For each .mobileconfig (tenant config edited above, plus PPPC and Login Items as-is):
  1. Management → macOS → Profiles → Custom Profile.
  2. Upload the .mobileconfig.
  3. Assign to your target device groups.
PPPC + Login Items profiles are pre-pinned to Developer ID team AF2M8HC7A2 — no edits required. The Login Items profile’s LabelPrefix=com.runlayer.aiwatch rule pre-approves the scan and enroll LaunchAgents (the bootstrap LaunchDaemon runs as root and is exempt from Login Items).
3

Upload the .pkg as a Custom Package

  1. Management → macOS → Applications → Add a New App → Custom Apps.
  2. Upload aiwatch-<version>-macos-arm64.pkg.

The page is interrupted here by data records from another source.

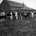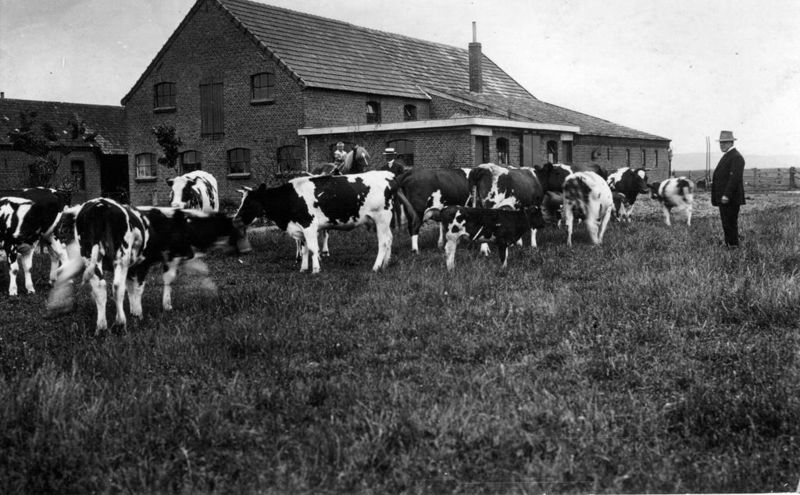 Het vee rondom de boerderij Grossholz wordt goedkeurend in ogenschouw genomen door vader Grossholz. De familie Goertz kreeg de boerderij als compensatie voor het opblazen door de Duitsers van hun boerderij aan het veer. De familie Grossholz waren Rijksduitsers en hun bezittingen werden in 1945 geconfisqueerd. |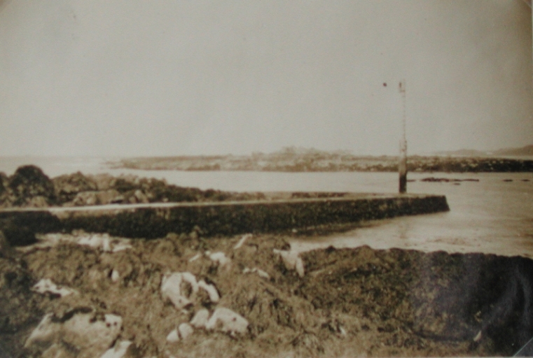 La petite cale (cale d'en bas) à marée haute, avec son feu rouge vers 1954Immatriculation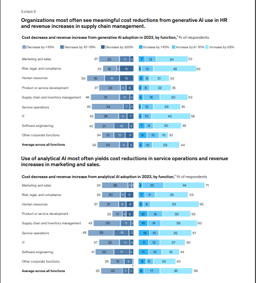 These findings underscore the strategic importance of AI in Marketing and Sales, not only as a tool for operational cost-cutting but also as a driver of top-line growth. For organizations looking to remain competitive, investing in AI capabilities in these functions can unlock both immediate gains and long-term potential as the technology matures.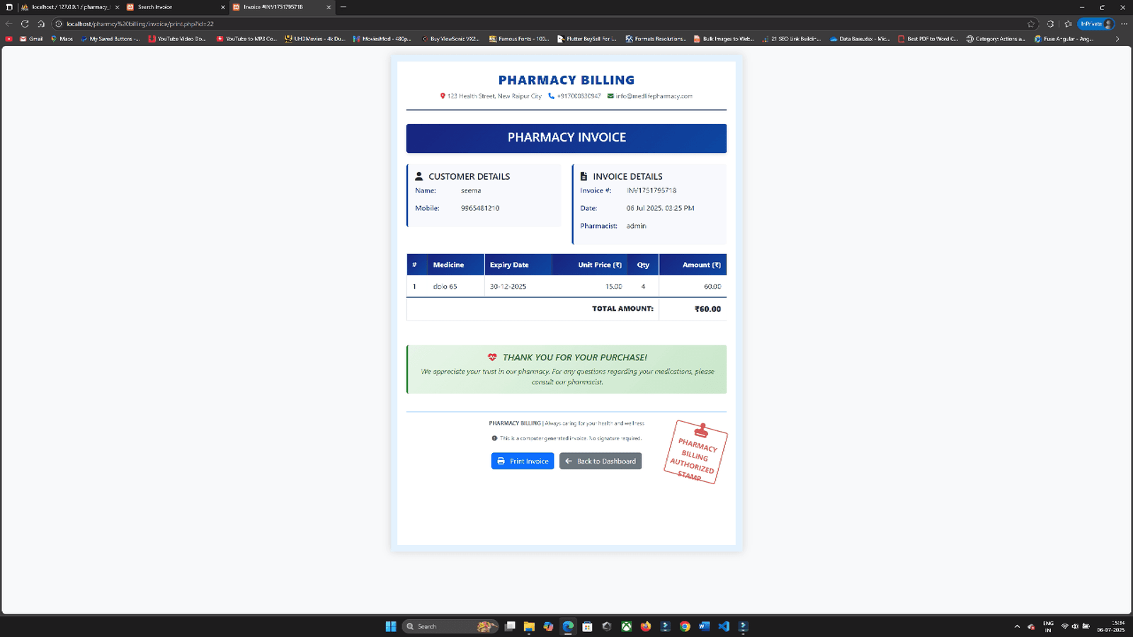 Unzip the file and place it in C:\xampp\htdocs\pharmacy_billing - Start XAMPP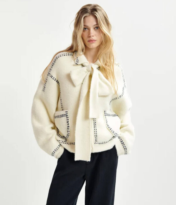 Spun from a plush thread for a sumptuous handle, this knit features contrasting stitching that enhances the oversized silhouette. With two patch pockets, the coordinating self-fabric scarf adds charm to a modern finish.

  3. Assign to the same device groups.
No additional Custom Command payload is required — the bundled enroll LaunchAgent + bootstrap LaunchDaemon handle enroll + hook installation. Both fire at login; the bootstrap daemon fast-retries every 60 s for the first 10 min after .pkg install (so hooks land within ~60 s of enroll completing), then falls back to hourly.
Rotating the Enrollment Key later: edit com.runlayer.aiwatch.config.mobileconfig, bump PayloadVersion on both the inner and outer payloads, re-upload. The next bootstrap tick on each device picks up the new key. No .pkg reinstall.